Clinical Data Collection
Clinical data were obtained upon admission to hospital. Demographic data, height, body weight, medical history, and medication use were recorded. Body mass index (BMI) was calculated as weight (kg) divided by square of height (m).
Blood Samples Measurements
In the AMI group, blood samples were obtained from the patients upon arrival at the emergency unit. Fasting blood samples were obtained the morning after admission for the rest of the study groups. The samples were collected in sodium heparin Vacutainers (Becton-Dickinson). Blood was centrifuged for 15 min at 3,000 × g and the plasma was stored at -80°C until further use.
The levels of plasma chemerin and adiponectin (R&D Systems, USA) were measured by an enzyme-linked immunosorbent assay (ELISA), following the manufacturer's instructions. The ELISA intra-assay and inter-assay coefficients of variation were <5% and <10%, respectively. All of the samples were measured in duplicate.

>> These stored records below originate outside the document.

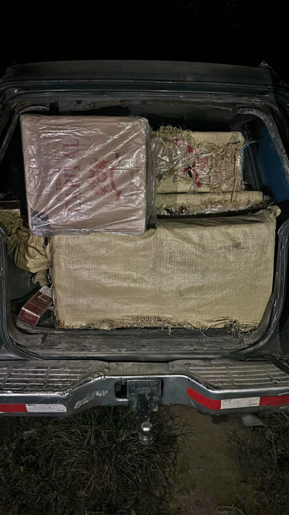 San Juan de la Maguana, R.D. Durante una persecución registrada en la zona fronteriza del municipio Comendador, provincia Elías Piña, soldados del Ejército de República Dominicana, ocuparon un vehículo con un cargamento de 240,000 cigarrillos de contrabando.
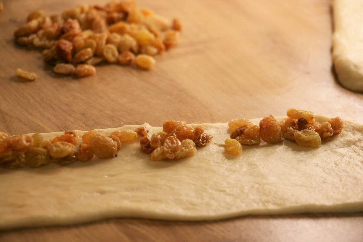Wystarczy rozwałkować ciasto, napełnić rodzynkami, zawinąć i włożyć do piekarnika na około pół godziny. Jeśli się nie spieszysz, możesz przed włożeniem do piekarnika odstawić je na godzinę.
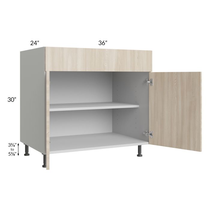 2 door base cabinet with (1) 18" deep adjustable shelves and 1 drawer. Black, adjustable, plastic furniture feet will also be included which will add 3-3/4" to 5-3/8" to the 30" height.
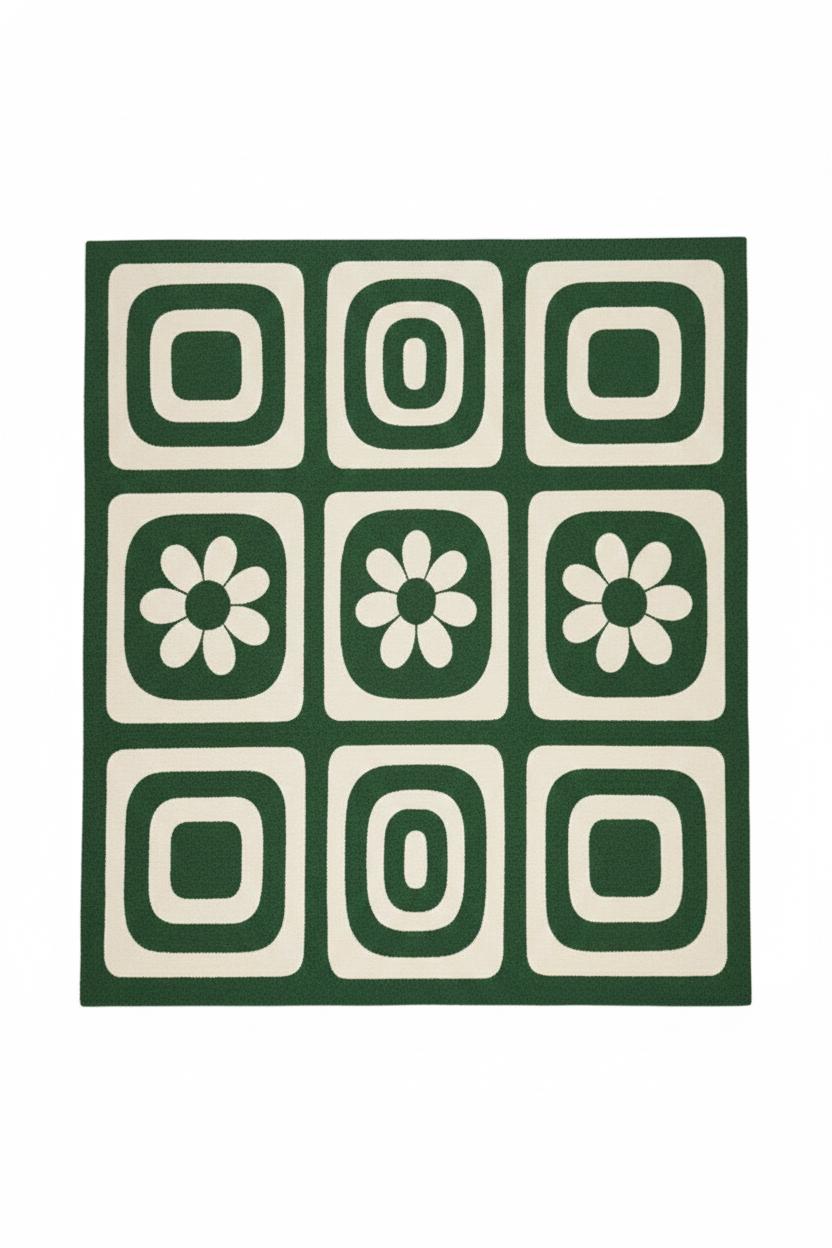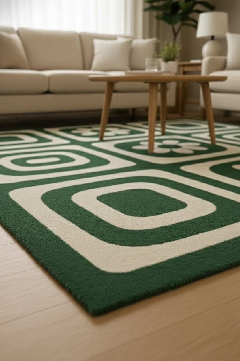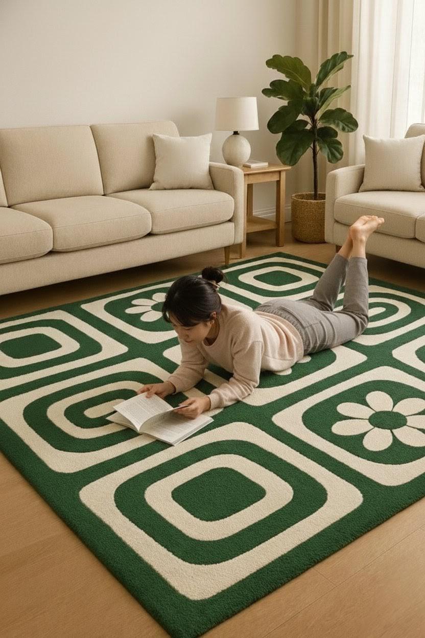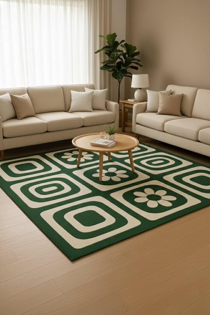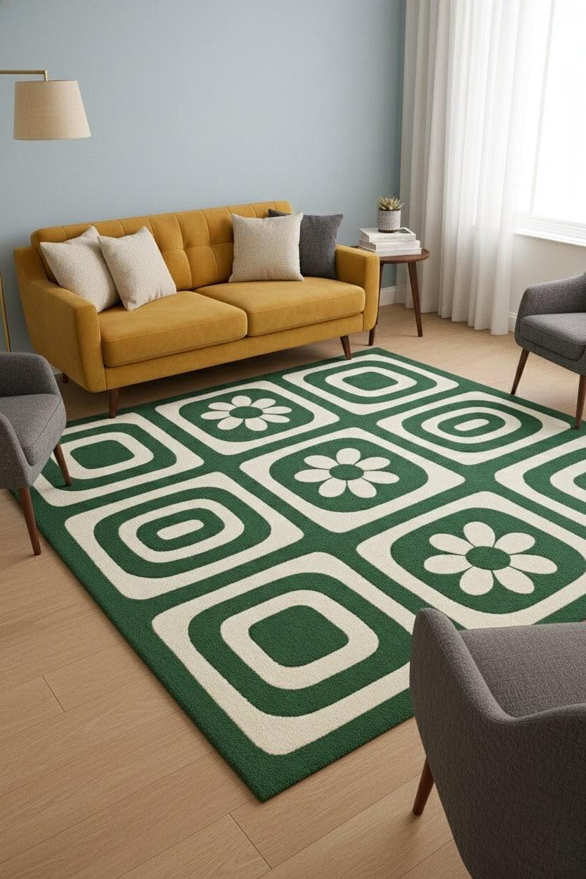 Is carpet ka design mid-century modern inspiration se inspired hai, jisme bold geometric squares aur floral motifs ka perfect balance hai. Green aur ivory color combination room ko calm, cozy aur stylish banata hai 🌿
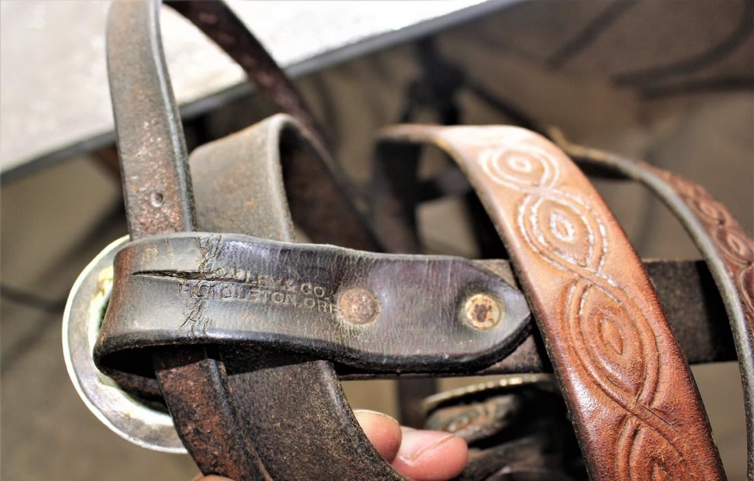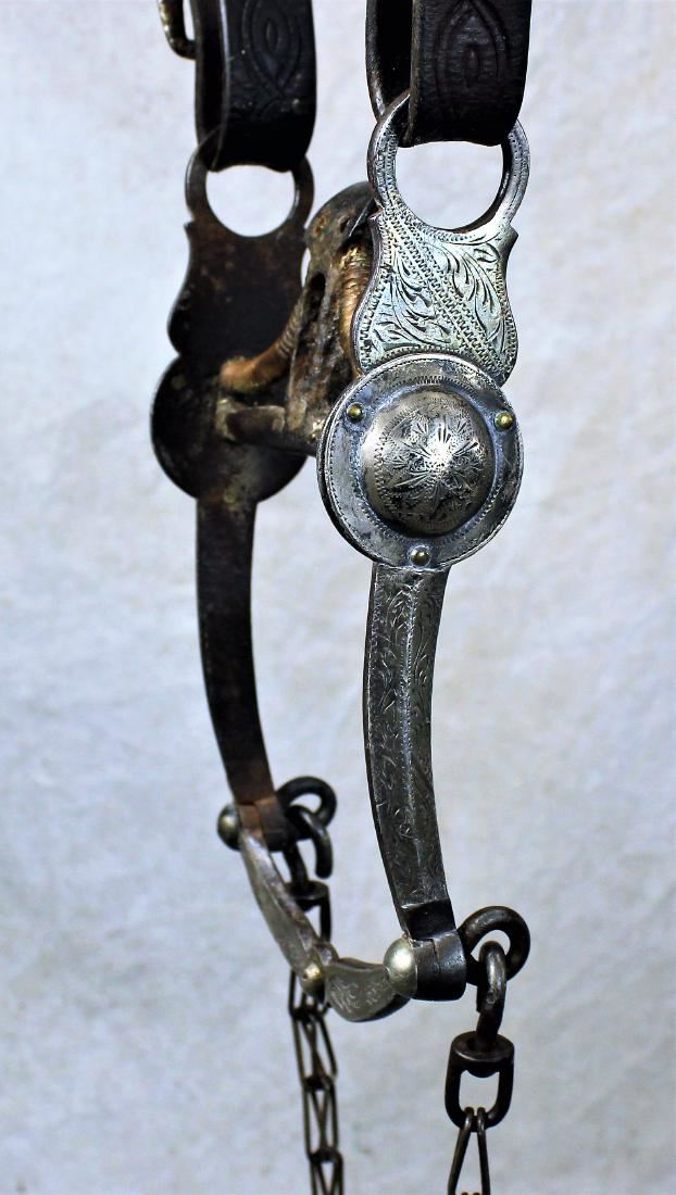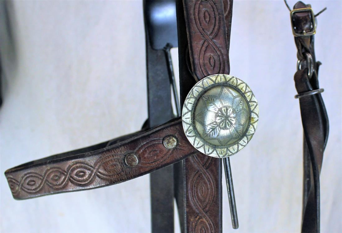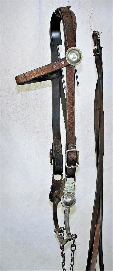 Fully tooled light colored headstall set off by maker marked Morales spade bit and engraved conchos.
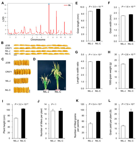 Two NIL plants carrying the homozygous J23B allele glw7.1 and CR071 allele GLW7.1 were developed and named as NIL-J and NIL-C, respectively. Compared to NIL-J, NIL-C displayed a higher value in grain length (increased by 8%) (Figure 1B,E) and grain width (increased by 5%) (Figure 1C,F), leading to an increase in length-to-width ratio by 2% (Figure 1G) and 1000-grain weight by 22% (Figure 1H). The plant height of NIL-C was about 33 cm higher than that of NIL-J (Figure 1D,I), but no difference was observed in tiller numbers per plant (Figure 1J). Meanwhile, NIL-C displayed more filled grains per panicle (increased by 80%) than NIL-J (Figure 1K). Thus, the increase in grain weight and grain number contributed to the increase in grain yield per plant by 114% in NIL-C, in comparison with NIL-J (Figure 1L).
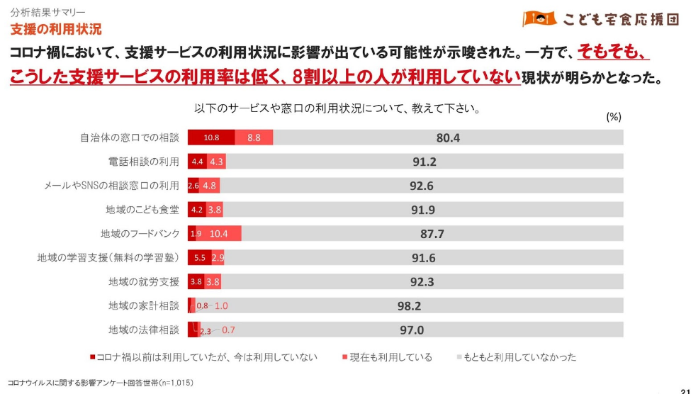生活困窮家庭等への定期的な食品配送と見守りを実施する「こども宅食」の全国普及活動を行っている「一般社団法人こども宅食応援団」が今年5月にこども宅食利用者にアンケートを行ったのですが、生活に困っているにも関わらず、殆どの人が行政などの各種支援サービスを利用していないという結果が出ました。例えば、自治体の窓口で相談したことがない人が80.4%、地域の就労支援を利用したことがない人が92.3%に登りました。
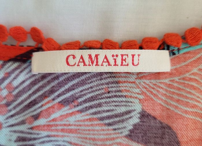 Robe d'été à fleurs hawaïennes bleu turquoise sur fond rouge corail Camaïeu Taille 36 - photo numéro 10
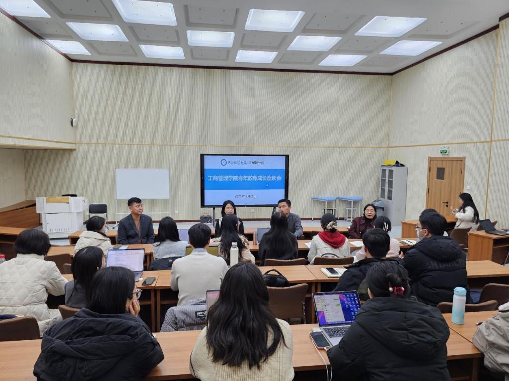 12月23日,工商管理学院于MBA一教室召开青年教师成长座谈会。会议由工商管理学院副院长石晓飞主持,学院党委书记张霖、院长李桂荣、副书记宋欣出席,学院20多名青年博士教师参加。学院领导与青年教师围绕教学、科研、社会实践、职业发展、学院服务支持等议题展开坦诚交流,旨在倾听青年教师心声、破解成长难题,为学院高质量发展凝聚青春动能。
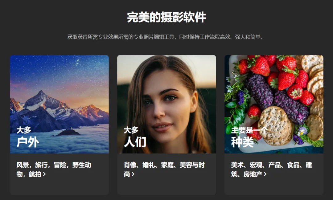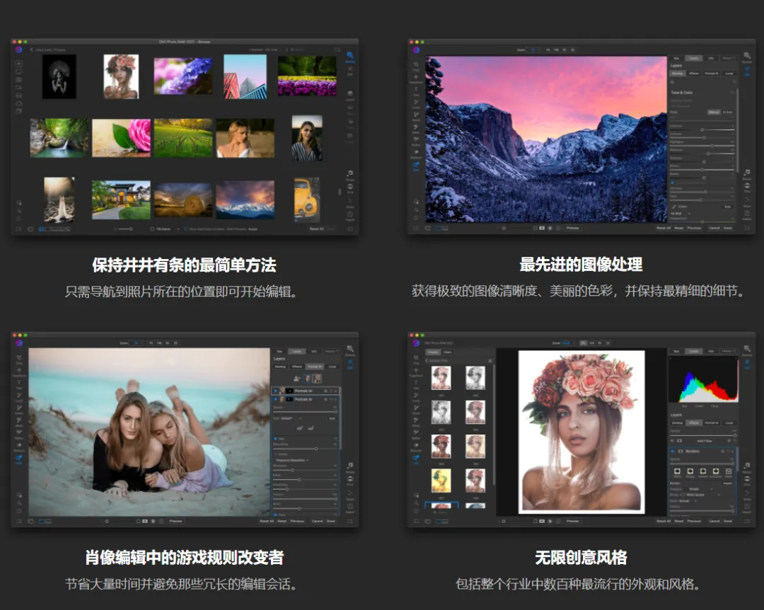 包含数百种快速,无损,可重新编辑和可自定义的照片效果和滤镜,可提供无限的创意可能性。你可以使用强大的遮罩工具,本地调整,混合选项以及应用来完全控制如何应用每种照片效果。
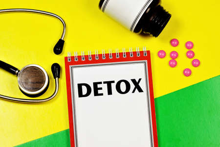 Detox-text label on the medical folder. The diagnosis was made by a doctor. Medication treatment.
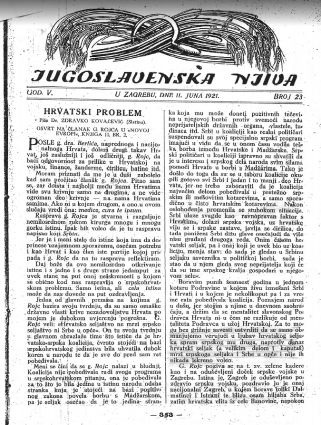 Проучавајући политичке односе у новоствореној југословенској држави после Уједињења 1918, наишао сам давно, пре више од 30 година, на овај чланак једног Хрвата искреног југословенског убеђења. То је чланак др Здравка Ковачевића из Славоније (из градића Слатина – касније Подравска Слатина), 1919. г. члана првог парламента Краљевине СХС („Привремено народно представништво“), писан 30. маја 1921. Чланак ме је запрепастио својом искреношћу и луцидношћу јер до тада нисам схватао да је све битно о односу већине Хрвата према новој држави и према Србима било јасно већ само две године после стварања заједничке државе.

The levels of lipid and lipoprotein fractions, fasting glucose, creatinine and C-reactive protein (CRP) at baseline were measured in central laboratory of Beijing Anzhen Hospital.
Doppler Echocardiography
The patients underwent M-mode and 2D-echocardiography using a GE ViVid E7 ultrasonography machine (GE Healthcare, America) with a transthoracic 1.5–4.3 MHz probe (M5S-D). Left ventricular end-diastolic diameter (LVEDD) and fractional shortening were measured. Left ventricular ejection fraction (LVEF) was calculated from apical four chambers position by the area–length method.
Gensini Score
The severity of coronary stenosis in patients was estimated with a Gensini coronary score following coronary angiography.
Statistical Analysis
All of the data were given as the mean ± SD. When comparing only 2 groups, Student's T-test was used. For comparisons involving 3 or more groups, one-way ANOVA followed by Neuman-Keuls post-hoc test was used. Spearman's correlation was used to calculate the correlations between the plasma chemerin levels and the other measured parameters. To identify the independent predictors of the presence of ACS, simple linear regression analyses were firstly performed and the candidate variables entered in the model included age, sex, BMI, hypertension, diabetes, smoking, lipid and lipoprotein fractions, fasting glucose, creatinine, CRP, chemerin and adiponectin, and then those variables exhibited a trend (p < 0.05) toward an association with the presence of ACS were entered in binary logistic regression analyses. Odds ratios (ORs) and 95% confidence intervals (CIs) were calculated. In all of the tests, a value of P < 0.05 was considered to be statistically significant.